The smoke generated by this fire made the air quality all over the SF Bay Area, East Bay and Sacramento the worst in the world for a week. It was like fog, except it was smoke. Not nearly as bad as what the people of Paradise had to go through, but speaks to the immense devastation and size of this problem. Each year the fires are getting larger, more intense and more frequent in California.
And the residents of those cities were extremely lucky. We live south of the July 5 Klamathon Fire, north of the Carr Fire (fire tornado), north of the Delta Fire (shut down I-5, melted semi trucks), northwest of the Hirz Fire, west of the Camp Fire–not to mention a couple dozen other relatively nearby fires.
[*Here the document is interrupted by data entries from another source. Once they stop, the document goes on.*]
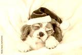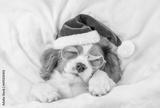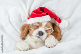Cozy Cavalier King Charles Spaniel puppy wearing red santa hat sleeps under white blanket on a bed at home. Top down view
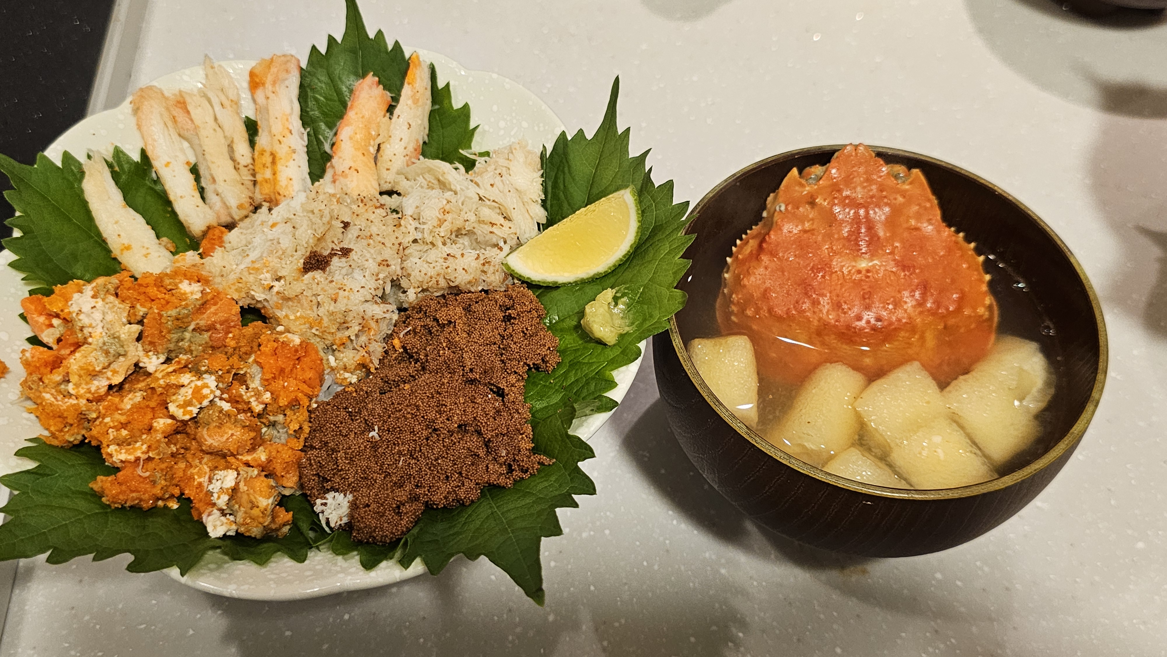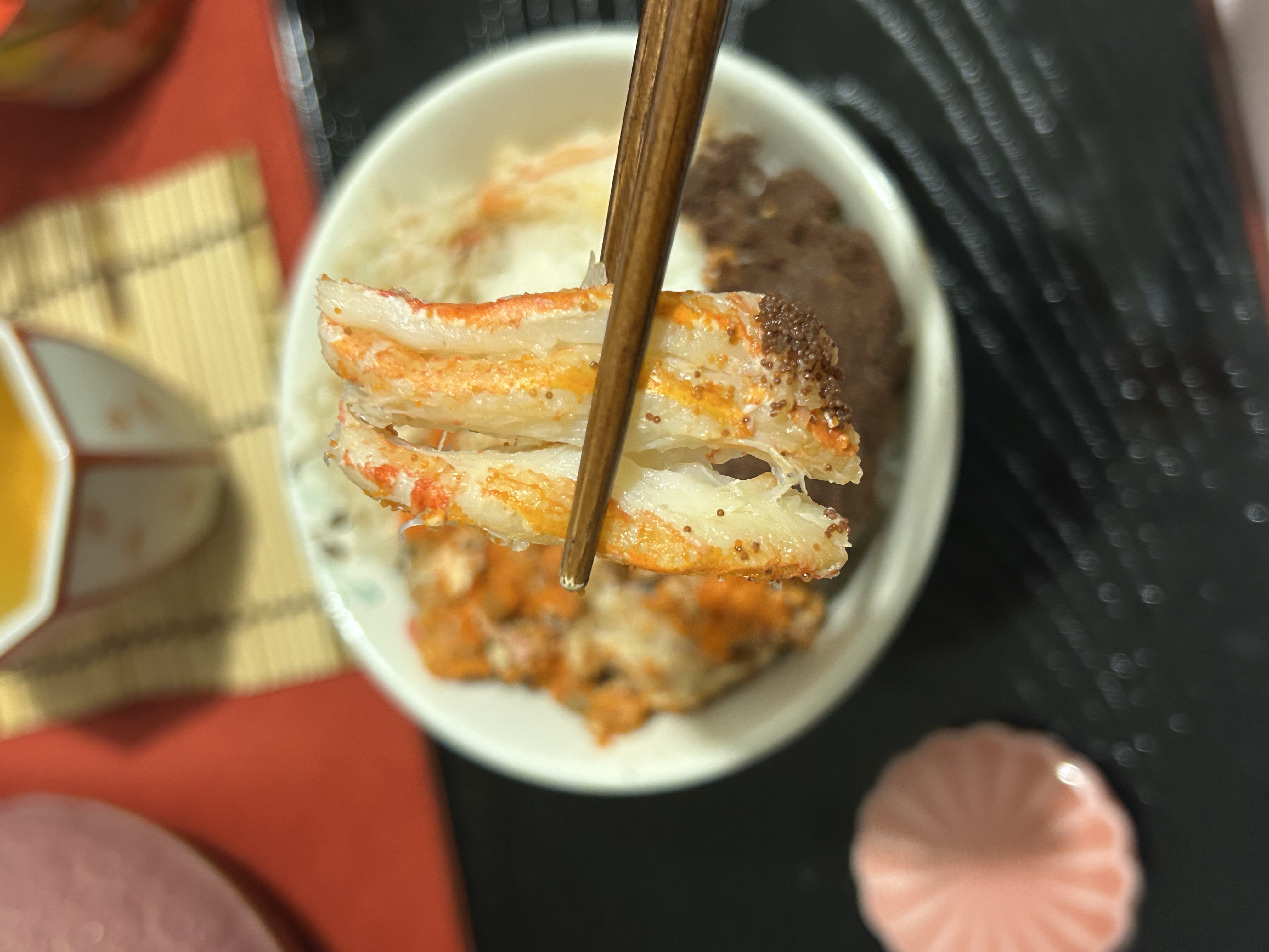 まず、身をほぐして甲羅にのせられた香箱ガニは、お寿司屋さんや高級な和食屋さんで、それなりな金額を払って食べるものと考えています。
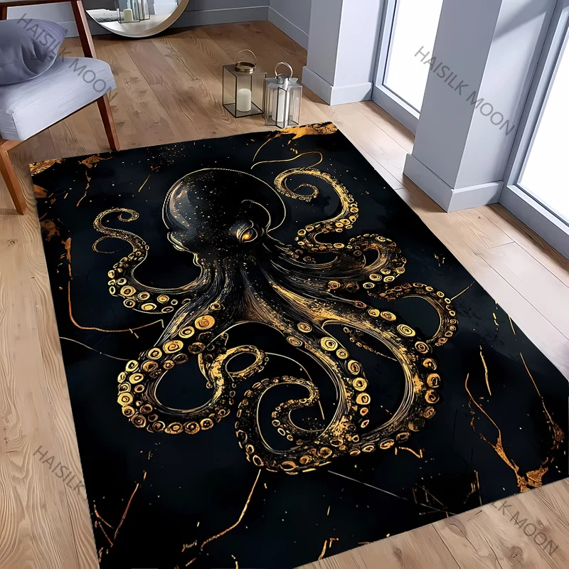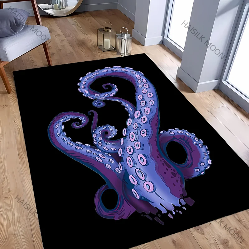 3D Octopus Print Non-Slip Rug Large Decorative Carpet for Game Room, Office, or Bedroom

We did not see the sky from July 5 until the first week in October, not once. Everything was hazy and orange and smelled like smoke and everybody felt mildly sick for over three months. And that was all before the Camp Fire.
A depressing statement.
Here in SF on the first day the air was beginning to clear and there were blue skies and sunshine, it felt like something close to a miracle. I’ve never lost sight of the losses and heartbreak the people in the towns which were destroyed experienced, but I’m grateful that we here had a new day at last.
CNN has decided it needs him and other recently hired half-baked commentators to create further, more long lasting discussions of trumpp. Because he doesn’t yet dominate 100% of all available press coverage.
Bugger Santorum. But I repeat myself.
California has a remarkably effective statewide mutual aid system for firefighting. There’s a website that displays our county fire and rescue incidents, and for many years during fire season (now playing year-round) I’ve watched as various strike teams deployed from all of our local agencies to whatever part of the state was on fire.
Last year, it was our turn - on nowhere near as large a scale as some of the others, but still scary enough if you’re driving home through the smoke. Seeing all the convoys of fire apparatus from counties 100 and more miles away on the road to defend our homes is something I’ll never forget.
This is the inefficient government that is the problem, not the solution that these bastards are trying to shrink to the point they can drown it in a bathtub.
Been working here since the 50s. Funny, eh?